13La biographie de l’auteur est ici fondamentale pour bien comprendre ses motivations : évadé d’un stalag de Poméranie dans lequel il était retenu prisonnier depuis juin 1940, Tim, de son vrai nom Louis Mittelberg, rejoignit en 1941 les Forces Françaises Libres du général de Gaulle stationnées à Londres. Après la guerre, il devint journaliste à L’Humanité de 1952 à 1958 puis rejoignit L’Express où il prit le nom de Tim.

14Ses sentiments envers le général de Gaulle étaient ambivalents. S’il éprouva de l’admiration pour l’homme qui incarnait la Résistance, il fut également déçu par le président de la République, notamment en juin 1967 lorsque, à la veille de la guerre des Six Jours, le général de Gaulle décréta un embargo sur les armes à destination de l’État d’Israël, sentiment qui s’amplifia après la fameuse conférence de presse de novembre 1967.

15Dans ces conditions, il proposa à L’Express ce dessin, mais la rédaction le jugea trop polémique et le refusa. Il fut finalement publié par Le Monde, mais sous la rubrique « Libre Opinion », en page 6 de l’édition du 3-4 décembre 1967. Il s’agit d’une image isolée, de dimension modeste qui occupe une surface limitée. Son emplacement reflète bien le trouble de la rédaction. Elle n’a pas été mise en valeur puisqu’elle figure en page 6 du numéro, appelée « mauvaise page » car, à l’instar de toutes les pages paires, celle-ci ne tombe pas directement sous le regard lorsque le lecteur feuillette le journal. De plus, elle n’a pas été placée en haut à gauche de la page, censé être une position dominante, et elle n’a même pas été encadrée.

16C’est le contenu de ce dessin qui explique ce sentiment de malaise. Il représente un déporté en pyjama rayé bombant le torse, fièrement apposé sur des fils barbelés … mais avec une tête de cadavre ! L’étoile sur la poitrine du déporté identifie très clairement celui-ci comme juif. Son corps, démesuré, domine le dessin. Le mouvement est suggéré par les jambes et les bras qui s’opposent à la tête figée du cadavre. Il se lit de bas en haut, avec pour point culminant, la tête cadavérique, sans yeux, du personnage. La ligne de rupture se situe dans l’opposition entre la verticalité du personnage central et l’horizontalité des barbelés. Autre opposition, l’intensité sombre du personnage et le décor clair derrière lui. Nous sommes donc en présence d’un dessin, certes dépouillé, mais d’une extrême violence qui joue sur l’émotion. Il présente un cadavre surgi d’outre-tombe, cependant que les fils barbelés symbolisent l’atrocité absolue des camps de concentration.

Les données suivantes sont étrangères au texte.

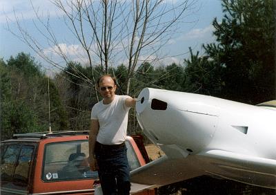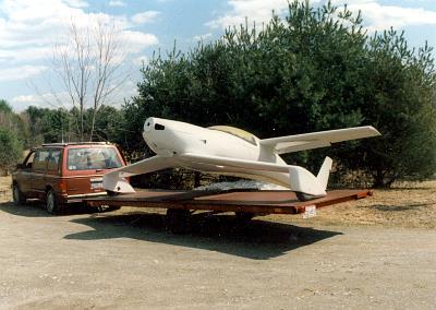 1984 Building wheel pant on canard1985 Canard installation on fuselageWing installation on fuselageForming canard root filletsSurfacing Q2 wing bottomInstalling brake lines1986 Airframe primed for UV protectionLoading up to go to mall displayQ2 in EAA display in Bangor Mall in May 19861987 After paint job by my neighbor across the streetLoading for transport back to ConnecticutBye, bye!

17La légende, sur laquelle nous reviendrons, indique une partie seulement de la phrase incriminée : « sûr de lui-même et dominateur ». Elle accompagne le dessin en reprenant la définition du peuple juif selon de Gaulle. Il faut d’ailleurs remarquer que Tim ne se prononce pas sur le contenu de la conférence concernant Israël et le conflit israélo-arabe, mais seulement sur l’accusation portée contre les Juifs. De plus, ce n’est pas de Gaulle qui est directement incriminé : seule la « petite phrase » est en cause. Il faut dire qu’à l’époque peu de caricaturistes se risquaient à produire dans des journaux à grands tirages des dessins dirigés directement contre le président français lui-même.

18Si nous n’avons aucun témoignage sur l’impact qu’a eu ce dessin auprès des Français en général, il n’est pas pour autant passé inaperçu. Au contraire. Il connut immédiatement une diffusion qui dépassa le cadre du Monde. Ainsi dans Le Nouvel Observateur du 6-12 décembre 1967, où ce dessin est repris pour illustrer un éditorial de Jean Daniel consacré à De Gaulle et les Juifs. Or, le journal indique la source du Monde, mais avec une légende plus complète qui, contrairement à celle du quotidien du soir, mentionne les trois attributs qui sont à l’origine de la polémique : « Un peuple d’élite, sûr de lui-même, dominateur ». C’est également le cas dans le numéro du 26 décembre - 25 janvier 1968 de L’Arche, le mensuel du judaïsme français, dans lequel ce dessin politique illustre un débat entre Raymond Aron, Robert Misrahi et Émile Touati sur De Gaulle, les Juifs et Israël. La typographie étant une nouvelle fois différente, il est donc possible d’en conclure que la légende ne figurait pas dans la version originale de Tim.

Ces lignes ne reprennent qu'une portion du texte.